▶ _ACTION ITEM_
Within the entries below, please retype exactly the lines starting with the line that has "-01 Brinquedo Pula" and going on through the line that has "A: El saco de", but not the pictures.
BEGIN THE RECORDS
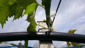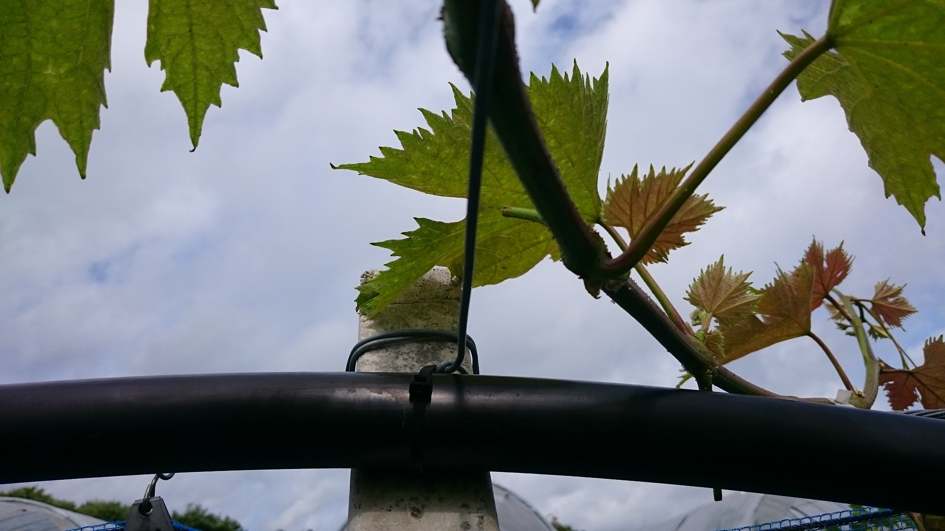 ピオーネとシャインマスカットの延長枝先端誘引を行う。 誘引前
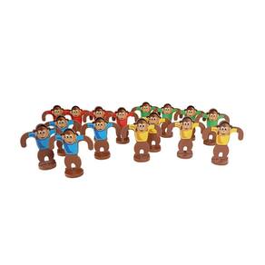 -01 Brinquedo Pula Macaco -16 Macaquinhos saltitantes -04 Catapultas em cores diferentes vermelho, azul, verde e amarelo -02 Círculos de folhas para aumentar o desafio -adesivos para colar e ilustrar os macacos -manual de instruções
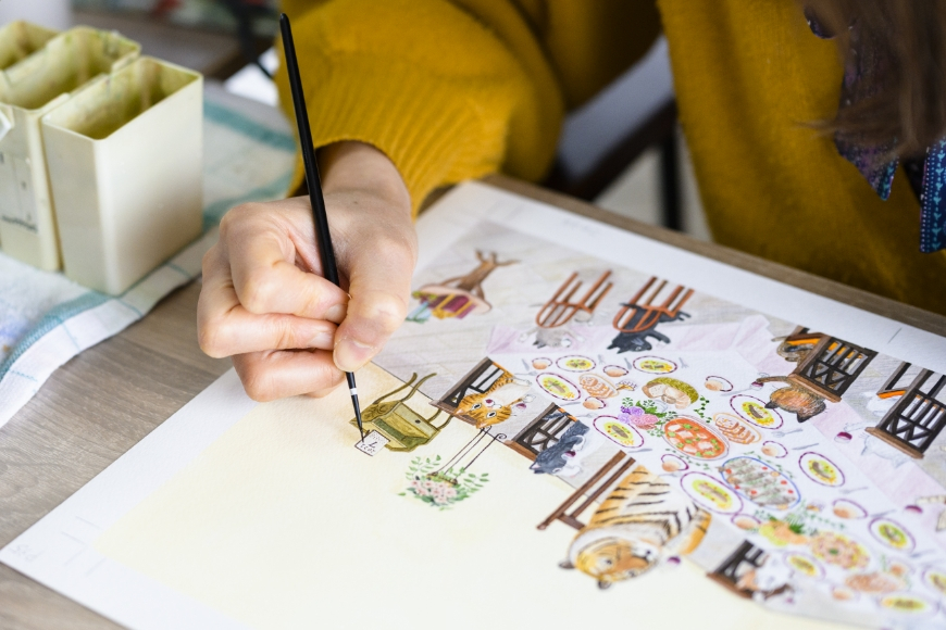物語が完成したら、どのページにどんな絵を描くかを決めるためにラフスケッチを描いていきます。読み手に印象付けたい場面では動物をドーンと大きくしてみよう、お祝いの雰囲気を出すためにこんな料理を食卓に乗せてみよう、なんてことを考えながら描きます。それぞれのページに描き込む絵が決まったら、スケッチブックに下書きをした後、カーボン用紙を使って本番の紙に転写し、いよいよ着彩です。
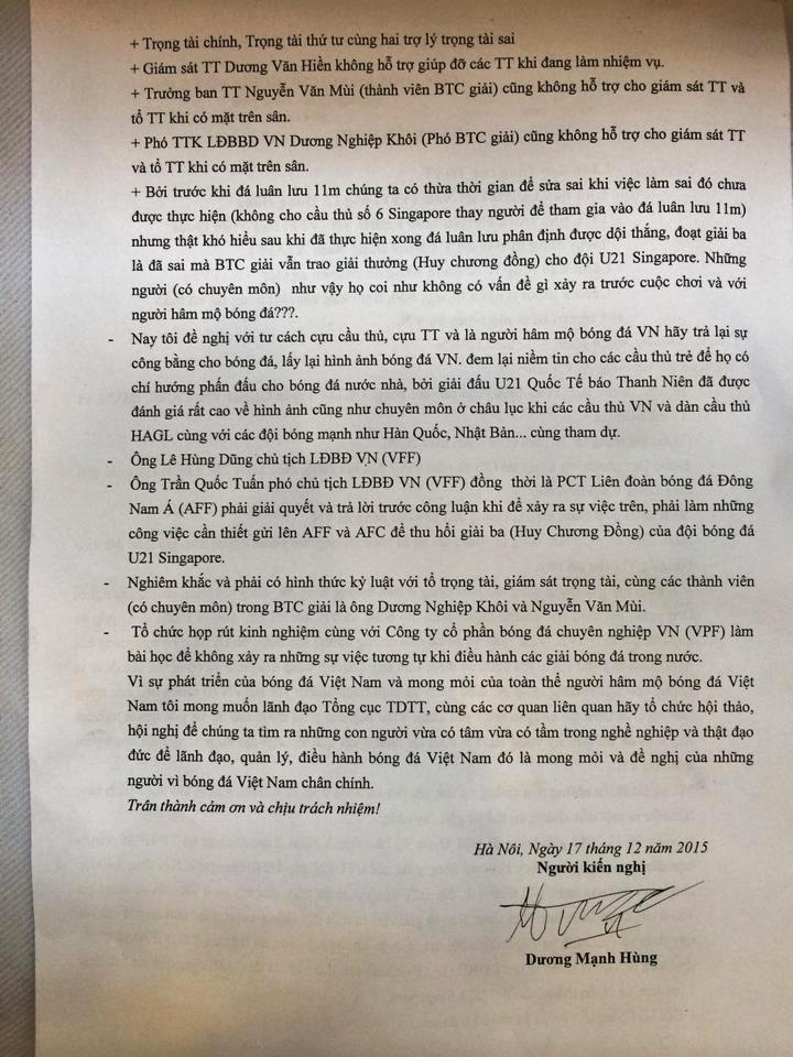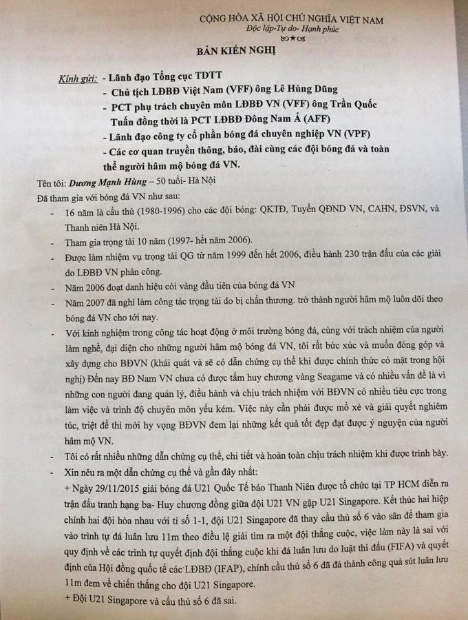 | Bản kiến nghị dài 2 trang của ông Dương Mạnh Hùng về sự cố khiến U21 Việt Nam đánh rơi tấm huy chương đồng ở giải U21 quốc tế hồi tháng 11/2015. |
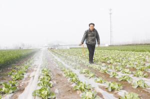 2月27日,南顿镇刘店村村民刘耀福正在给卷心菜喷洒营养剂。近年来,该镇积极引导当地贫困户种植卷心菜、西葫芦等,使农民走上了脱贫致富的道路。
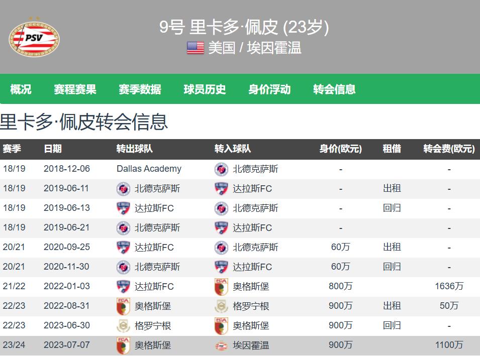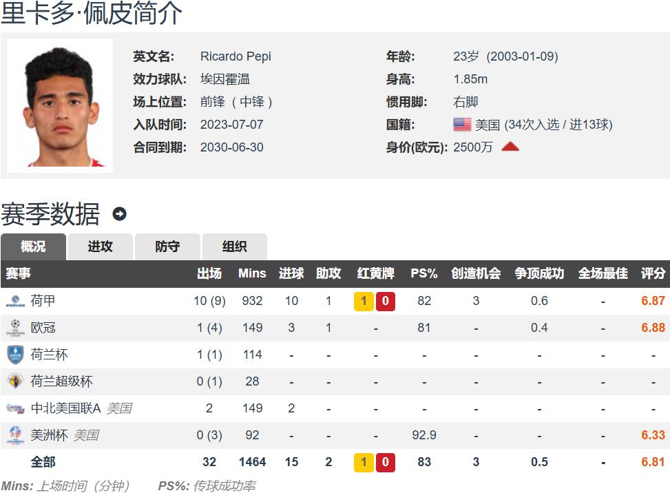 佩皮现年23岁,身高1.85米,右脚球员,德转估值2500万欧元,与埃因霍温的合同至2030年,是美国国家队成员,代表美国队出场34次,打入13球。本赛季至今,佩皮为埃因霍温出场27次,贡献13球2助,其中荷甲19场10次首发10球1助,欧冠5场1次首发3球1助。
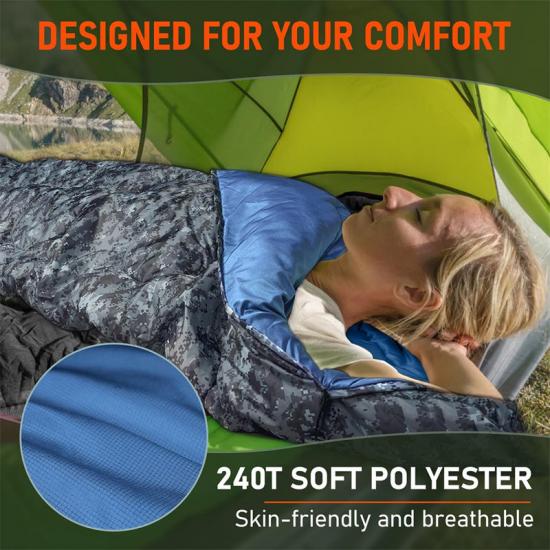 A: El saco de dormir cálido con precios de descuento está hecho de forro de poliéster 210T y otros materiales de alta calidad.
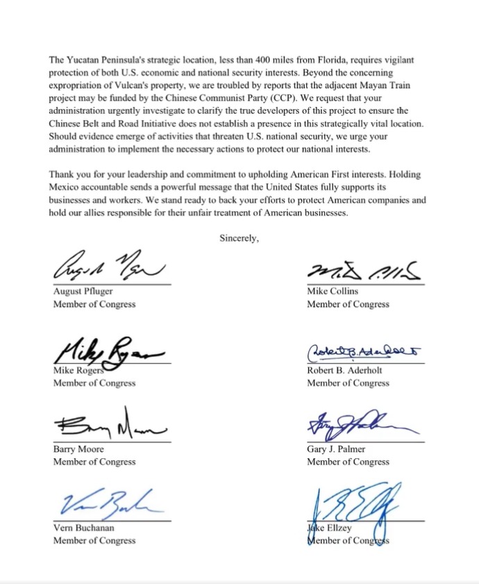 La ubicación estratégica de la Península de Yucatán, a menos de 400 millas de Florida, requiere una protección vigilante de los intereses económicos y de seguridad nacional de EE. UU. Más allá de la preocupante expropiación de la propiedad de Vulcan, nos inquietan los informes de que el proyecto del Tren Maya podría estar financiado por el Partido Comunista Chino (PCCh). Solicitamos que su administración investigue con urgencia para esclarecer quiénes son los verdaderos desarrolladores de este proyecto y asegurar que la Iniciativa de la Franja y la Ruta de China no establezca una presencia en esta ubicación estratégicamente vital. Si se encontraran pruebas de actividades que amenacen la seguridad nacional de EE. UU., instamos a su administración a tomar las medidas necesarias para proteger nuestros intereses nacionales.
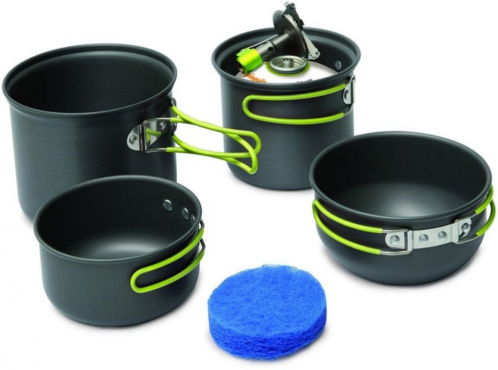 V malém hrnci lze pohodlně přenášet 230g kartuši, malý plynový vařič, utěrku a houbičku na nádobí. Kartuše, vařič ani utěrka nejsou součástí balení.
END THE RECORDS
▶ _RESPONSE TO THIS TASK_
 -01 Brinquedo Pula Macaco -16 Macaquinhos saltitantes -04 Catapultas em cores diferentes vermelho, azul, verde e amarelo -02 Círculos de folhas para aumentar o desafio -adesivos para colar e ilustrar os macacos -manual de instruções
物語が完成したら、どのページにどんな絵を描くかを決めるためにラフスケッチを描いていきます。読み手に印象付けたい場面では動物をドーンと大きくしてみよう、お祝いの雰囲気を出すためにこんな料理を食卓に乗せてみよう、なんてことを考えながら描きます。それぞれのページに描き込む絵が決まったら、スケッチブックに下書きをした後、カーボン用紙を使って本番の紙に転写し、いよいよ着彩です。
 | Bản kiến nghị dài 2 trang của ông Dương Mạnh Hùng về sự cố khiến U21 Việt Nam đánh rơi tấm huy chương đồng ở giải U21 quốc tế hồi tháng 11/2015. |
 2月27日,南顿镇刘店村村民刘耀福正在给卷心菜喷洒营养剂。近年来,该镇积极引导当地贫困户种植卷心菜、西葫芦等,使农民走上了脱贫致富的道路。
 佩皮现年23岁,身高1.85米,右脚球员,德转估值2500万欧元,与埃因霍温的合同至2030年,是美国国家队成员,代表美国队出场34次,打入13球。本赛季至今,佩皮为埃因霍温出场27次,贡献13球2助,其中荷甲19场10次首发10球1助,欧冠5场1次首发3球1助。
 A: El saco de dormir cálido con precios de descuento está hecho de forro de poliéster 210T y otros materiales de alta calidad.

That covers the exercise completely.